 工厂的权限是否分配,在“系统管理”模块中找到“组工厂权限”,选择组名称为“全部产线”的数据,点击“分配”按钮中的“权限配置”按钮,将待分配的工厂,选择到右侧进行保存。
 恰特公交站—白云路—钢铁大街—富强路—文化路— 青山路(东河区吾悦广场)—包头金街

========================================

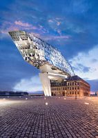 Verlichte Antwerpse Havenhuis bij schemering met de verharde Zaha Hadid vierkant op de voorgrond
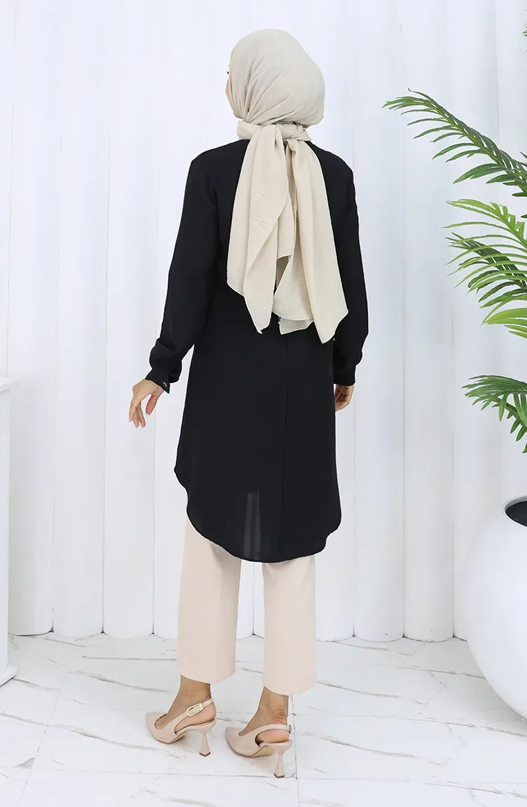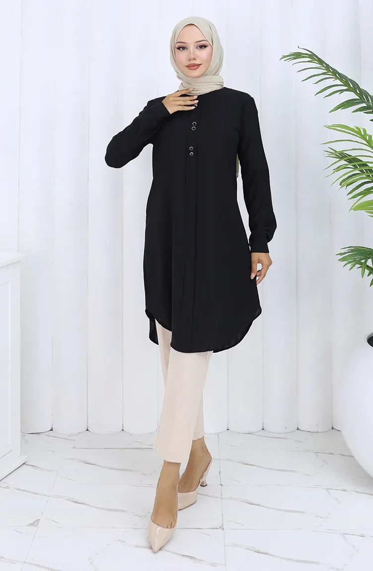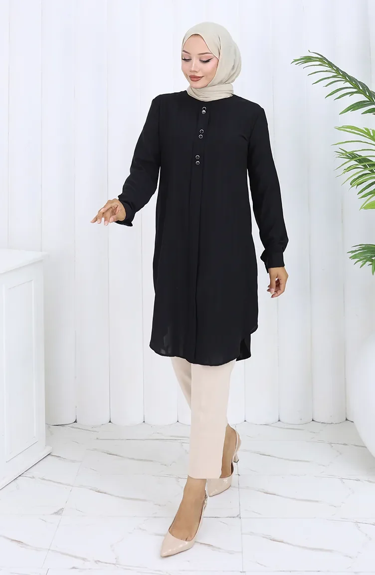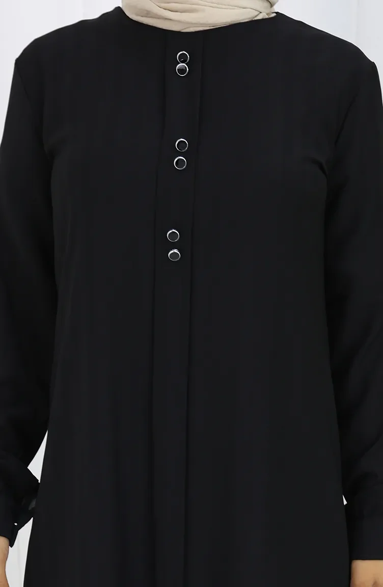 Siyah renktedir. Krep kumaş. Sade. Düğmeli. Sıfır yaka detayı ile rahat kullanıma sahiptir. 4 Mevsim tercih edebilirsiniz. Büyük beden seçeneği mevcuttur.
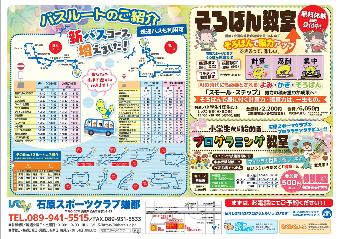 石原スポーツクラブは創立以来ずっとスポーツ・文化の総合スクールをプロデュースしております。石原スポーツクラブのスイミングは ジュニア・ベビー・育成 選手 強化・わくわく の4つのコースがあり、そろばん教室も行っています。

========================================

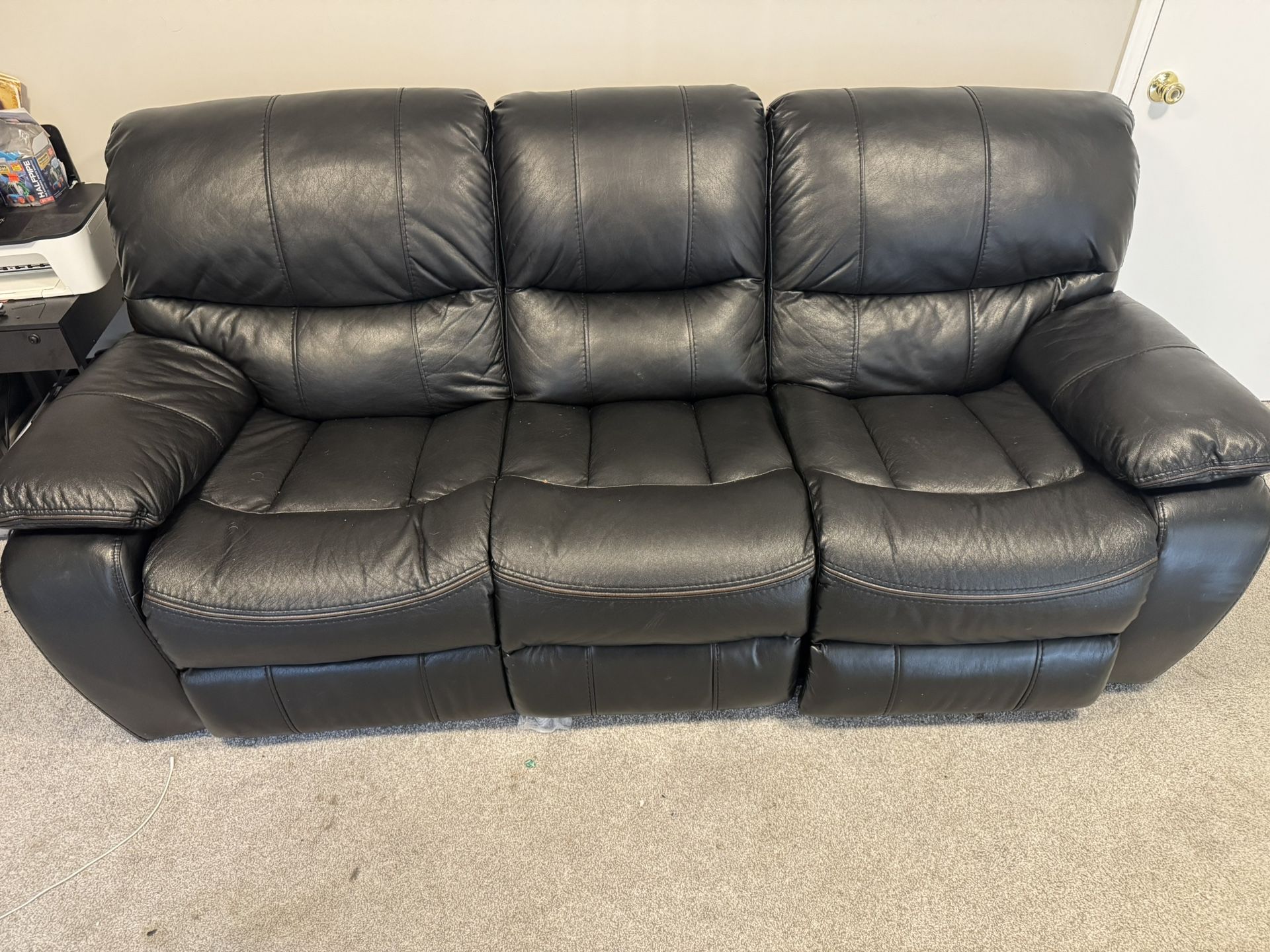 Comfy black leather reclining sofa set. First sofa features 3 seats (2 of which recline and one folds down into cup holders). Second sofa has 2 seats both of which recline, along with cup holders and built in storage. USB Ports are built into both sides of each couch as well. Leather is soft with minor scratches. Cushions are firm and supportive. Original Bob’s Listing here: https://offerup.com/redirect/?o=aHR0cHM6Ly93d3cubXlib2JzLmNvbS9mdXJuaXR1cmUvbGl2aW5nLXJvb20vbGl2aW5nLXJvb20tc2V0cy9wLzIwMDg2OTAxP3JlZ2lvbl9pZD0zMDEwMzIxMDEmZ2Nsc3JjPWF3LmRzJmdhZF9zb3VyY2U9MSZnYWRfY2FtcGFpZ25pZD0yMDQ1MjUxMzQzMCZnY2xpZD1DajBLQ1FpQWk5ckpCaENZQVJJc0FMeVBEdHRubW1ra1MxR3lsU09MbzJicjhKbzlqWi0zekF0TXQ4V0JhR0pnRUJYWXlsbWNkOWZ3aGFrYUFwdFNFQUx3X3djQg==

========================================

• EXERCISE DIRECTIONS: From the records above, transcribe only the stretch from the line with "Siyah renktedir. Krep" through the line with "選手 強化・わくわく の4つのコースがあり、そろばん教室も行っています。", keeping both ends. Omit pictures.

• RESULT OF THE EXERCISE:
 Siyah renktedir. Krep kumaş. Sade. Düğmeli. Sıfır yaka detayı ile rahat kullanıma sahiptir. 4 Mevsim tercih edebilirsiniz. Büyük beden seçeneği mevcuttur.
 石原スポーツクラブは創立以来ずっとスポーツ・文化の総合スクールをプロデュースしております。石原スポーツクラブのスイミングは ジュニア・ベビー・育成 選手 強化・わくわく の4つのコースがあり、そろばん教室も行っています。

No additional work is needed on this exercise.